Comparative historians have long indulged themselves by using “the Chinese case” as an example of failure, stagnation, or—at best—anomaly when measured against the standard of the European experience. In this book, Wong wrests the comparativist agenda out of its Eurocentric matrix to tackle the question that most China historians dread to hear from their Europeanist colleagues, What can a historian of Europe learn, after all, by studying China? Placing China and “Europe” on even sides of a comparative agenda, using terms that will make Europeanists feel comfortable and safe, Wong begins by stressing similarities between the market economies of Europe and China “until the fundamental discontinuities of the nineteenth century” (127). This strategy provides the context for a close look at state formation and transformation, about which Wong stresses long-term fundamental differences. A final section about state-society relations, focused on tax resistance and grain riots, precedes the broad and brief concluding chapter, which argues for an expansion of the capacities of social theory “through a more systematic grounding in multiple historical experiences” (293).

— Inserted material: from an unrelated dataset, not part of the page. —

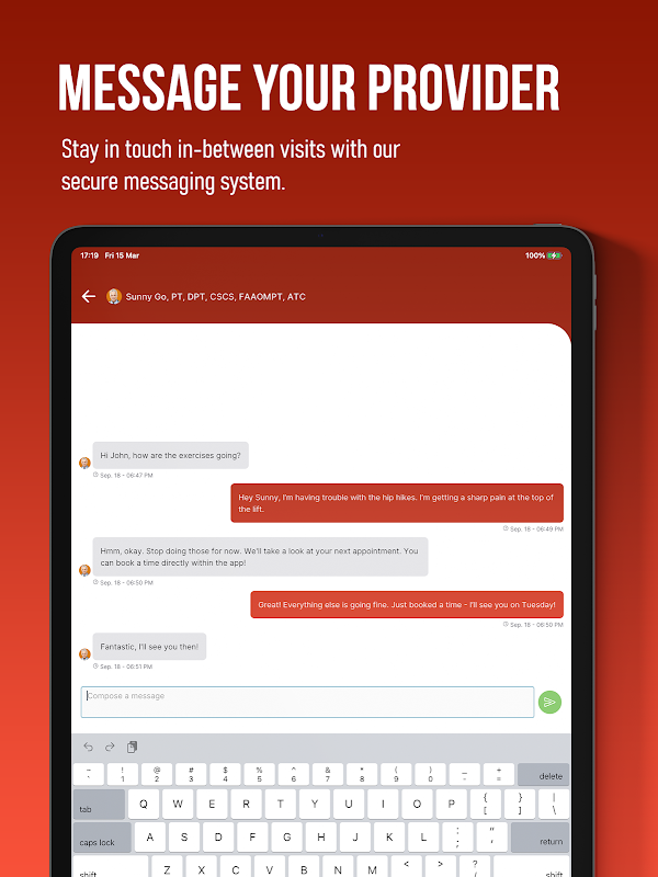 このアプリを使用すると、HD 教育ビデオを備えたパーソナライズされたホーム エクササイズ プログラムにアクセスできます。 [メッセージ] タブでは、Bring Rx プロバイダーと安全に通信できます。演習を完了すると、上達を祝うトロフィーとメダルが贈られます。

In the heart of the book, the middle section on state formation and political economy, Wong identifies “clusters of issues” (“challenges, capacities, claims, and commitments”) through which the differences between Europe and China are most sharply illuminated. Challenges and capacities are, in Wong’s definition, “structural,” encompassing problems that states attempt to solve and the human and material resources that states mobilize to confront challenges and to achieve goals. Claims and commitments, on the other hand, concern norms, values, and ideologies that shape expectations about what the state can or should do, and about how rulers should rule (82).

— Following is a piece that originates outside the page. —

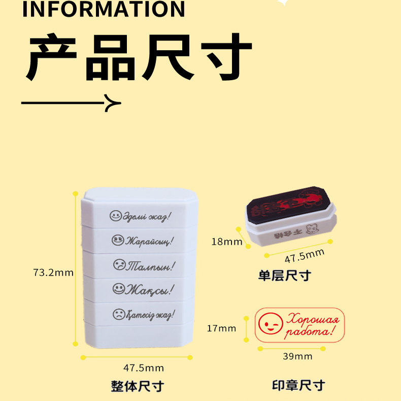 📚 哈萨克语定制五合一印章儿童衣物名字图章定刻文字长条办公光敏章

In a sweeping historical review that begins in the twelfth century and concludes in the twentieth, Wong stresses the limited capacity of the Western experience to produce theories that effectively address the diversity of global experience beyond the nineteenth century. His arguments are far too detailed and complex for a short review, but a few striking examples will suffice. The first has to do with motives and capacities for mobilizing resources; the second concerns ongoing struggles between a central government and “institutionally distinct and powerful aristocracies, clerics, and urban elites” (102).

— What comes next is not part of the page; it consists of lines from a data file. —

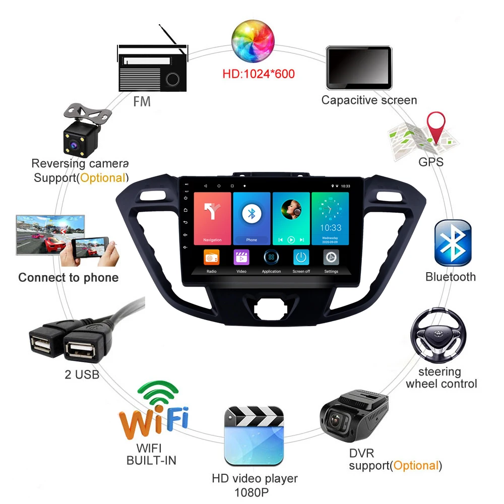 CarPlay Автомагнитола Магнитола Автомобильный мультимедийный плеер easteregg, 9 дюймов, 2 Din, Android, Wi-Fi, GPS-навигация для Ford Transit Tourneo Custom 2012-2021, головное устройство 2 дин андройд
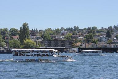 Keywords: seattle washington lake union puget sound downtown city northwest urban pacific blue sky water travel duck boat tourist float lake
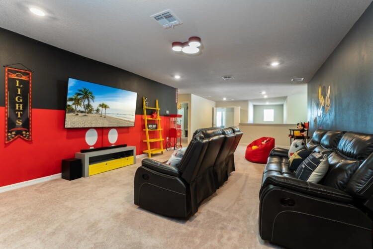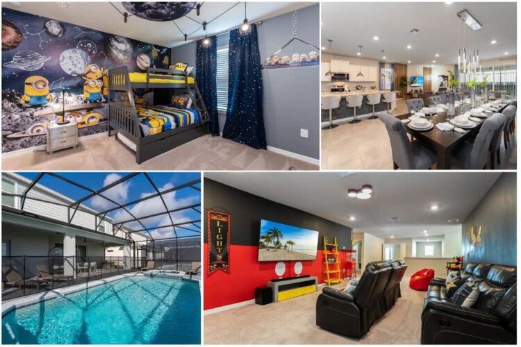 We’d love to host you at our brand new 8-bedroom home at Windsor Island Resort by Disney! This home has an amazing dΓ©cor and is located just minutes from Orlando’s major attractions. We will make sure you have the time of your life in this spectacular house. From our private pool to the game room, from the movie theater to the themed bedrooms, this house is guaranteed to build everlasting memories for you and your whole traveling party.

As Wong emphasizes, the Chinese government enjoyed unparallelled access to individual taxpaying households and, in that sense, developed a state with a “reach” far deeper and more pervasive than that of any European counterpart. At the same time, the state’s extractive capacity—unopposed and uninhibited by the power of a church or a landholding or urban elite—was self-limited by an ideological commitment [End Page 168] to sustaining the peasant household as a viable unit. Moreover, because China did not confront the arms race and the threats to sovereignty from the kind of powerful neighboring states that kept European politics continually on the alert to expand their defensive and offensive arsenals and to build their overseas empires, Chinese statesmen had little incentive to override their commitment to a stable growing agrarian base, which was defended cheaply by low-cost soldier-farmer military colonies along vulnerable inland borders. Finally, unlike its counterparts in Europe, the Chinese government historically displayed a “deep concern with elite and popular education and morality, active promotion of material welfare especially of the poor and of peasants, [and] invasive curiosity about and anxiety over potentially subversive behavior” (101). In other words, “late imperial Chinese rulers were engaged in moral, material, and coercive strategies of state making that were undertaken by Western states only in later centuries” (104).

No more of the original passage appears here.